Everybody, but everybody, knows what magic should feel like. I don’t know why but humans everywhere have always felt something missing from the world. So you look around you and try to see the negative shape of the thing that should be there, feel it with your fingertips… and that thing is magic. It’s not so much building or framing as it is feeling for the edge of that missing thing.
Reading the Magicians prompted me to re-read the Chronicles of Narnia and I was honestly floored. For instance, in the Lion the Witch and the Wardrobe I was shocked to find how effortlessly they enter the magical world in just the two opening paragraphs. Does C.S. Lewis influence you stylistically and do you have the same kind of obsession with the books that Q has with the Fillory novels?

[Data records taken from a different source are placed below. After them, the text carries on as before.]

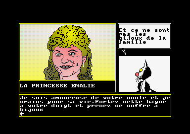 Avec le Passager du Temps, l'aventure est réussie à tous les niveaux : l'action qui est parfois déroutante, le graphisme qui est d'un réalisme surprenant, le son qui vous crée l'atmosphère, sans compter les facilités des commandes ! En effet, toutes les touches (moins une !) du pavé numérique sont préprogrammées, ce qui vous évite de faire des efforts considérables pour taper les ordres les plus fréquents tels qu'EXAMINE, PRENDS, DISCUTE AVEC (vous imaginez le gain d'énergie...). Vous pouvez même réafficher la dernière phrase tapée ! Et pour terminer, il faut absolument que je vous reparle du compagnon qui vous seconde tout au long de l'aventure pour vous aider à avancer, à garder le moral, à agir avec humour... j'ai nommé : LE CHAT. Dès le premier regard, vous tombez sous le charme... AMSTAR n°7 |
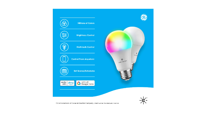 The GE Cync Smart Bulb Color Changing Lights make it easy to enhance your room light or to celebrate the holidays. Use millions of colors to decorate for each holiday, create the perfect party vibe, and support your team on game day with each Cync light bulb. Find the right aesthetic décor for your gaming room, improve your LED work light, or use our LED floodlight bulbs as bedroom lights. These indoor light bulbs feature a tunable white spectrum, allowing you to get the perfect hue that highlights your home’s landscaping and architecture. Get additional confidence by scheduling your CYNC lights to turn on so that you improve home security and never come home to a dark house. With voice control and the ability to control your lights away from home, you’ll get the added convenience of controlling each WiFi bulb while you’re away on vacation or when your hands are full. Our colored light bulbs pair easily with Amazon Alexa and Google Assistant smart home devices (sold separately).
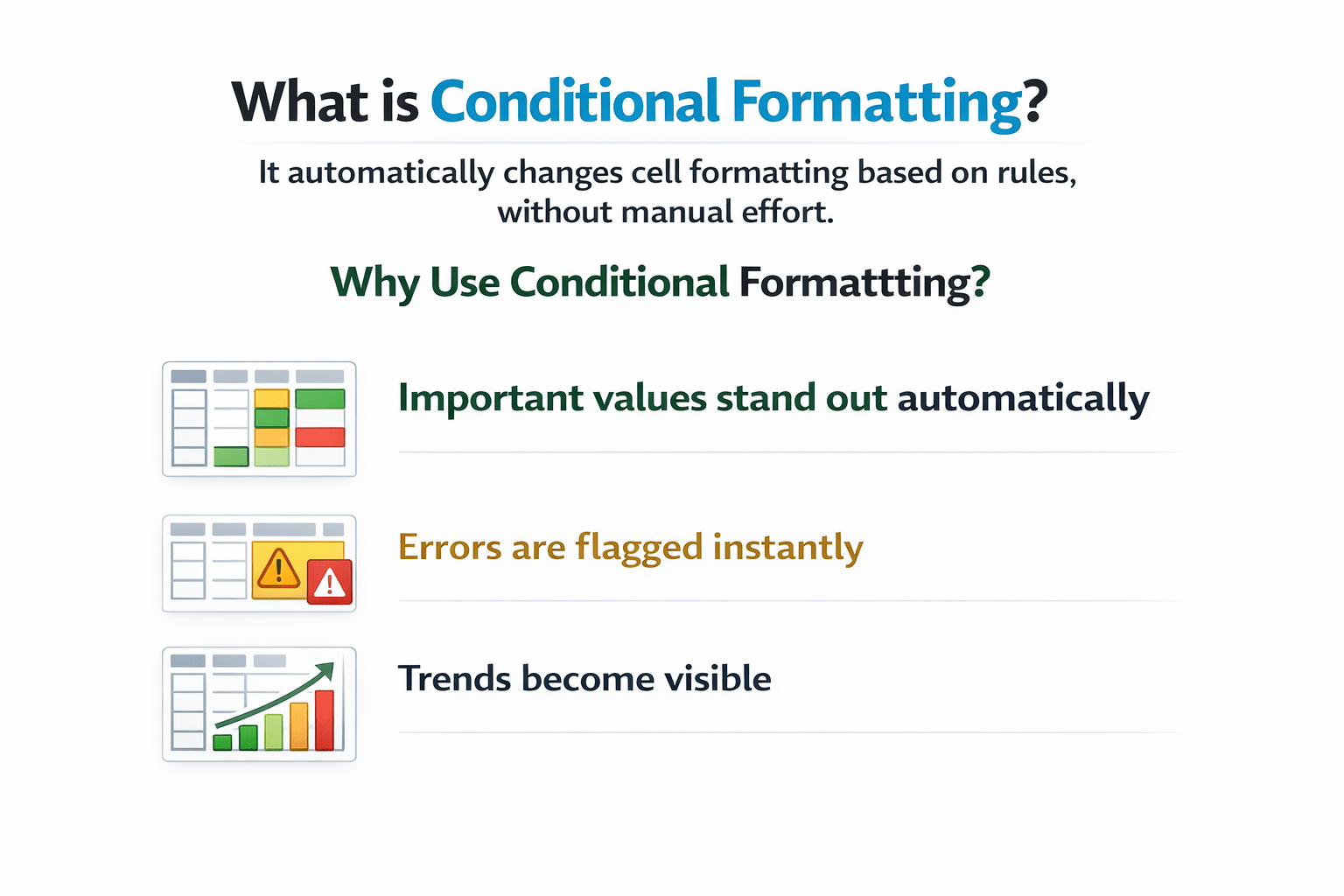 Explain Conditional Formatting and why it is used
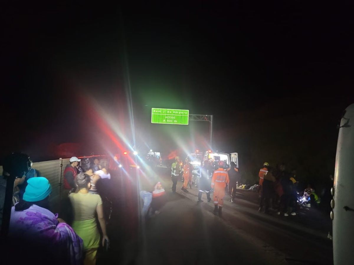 Um grave acidente envolvendo um ônibus com 51 pessoas ocorreu na noite de sexta-feira (28 de dezembro) na BR-381, em Bom Jesus do Amparo, região Central de Minas Gerais. O veículo tombou por volta das 22h20, deixando 20 pessoas feridas, de acordo com o Corpo de Bombeiros.

The Narnia books really do hold up, not only as stories but models of novelistic craftsmanship too. They’ve definitely influenced me — there’s something about the way Lewis describes magic, in this very matter-of-fact way, no smoke and mirrors, just simple concrete sensory impressions, that makes it feel utterly real. I’ve often wondered how he learned to do that — I don’t see anybody before him writing about magic that way, including Tolkien. Lewis describes magic in much the same way Hemingway would describe a chair.
I don’t know if I’m quite as much of a fanboy as Quentin is. But I’m pretty close. I have a first edition of The Magician’s Nephew, and I’m pretty sure that if my house burned down I would rescue that right after my children.
Does magic have a place in ordinary day to day life? What is magic in your life?
I don’t want to sound glib in the way I answer this (and it’s a good question that I’ve never really been asked before), but the best way I can put it is that in my life magic is the things that make me feel powerful, and that make me feel awe. Writing — creating — is one of those things. Another one is being a father to my children.
And then of course there’s wine. Wine is magic too.
What future projects do we have to look forward to?
Oh man. There’s maybe seven or eight things in the pipeline, in various states of completion, a few of which have been announced but most have not. And I don’t say this to sound all woo-woo and mysterious, I just literally legally can’t say anything about them. Also, in the case of the screen projects, some of them might die before they come out. That happens a lot.
But I can talk about The Bright Sword, which is a retelling of the King Arthur story. I’ve actually written a few drafts of it, but it still has a ways to go. I think/hope it’ll be out in 2020. (I’ve written a longish post on my blog about it, so if you’re curious you can check that out.) And then there’s The Magicians: Alice’s Story, which is a graphic novel that retells the story of The Magicians from Alice’s POV. I didn’t write it, or draw it, so I think I can say that it’s effing amazing. That will be out this summer.
I’ll announce more soon. Unless they die, and then I won’t.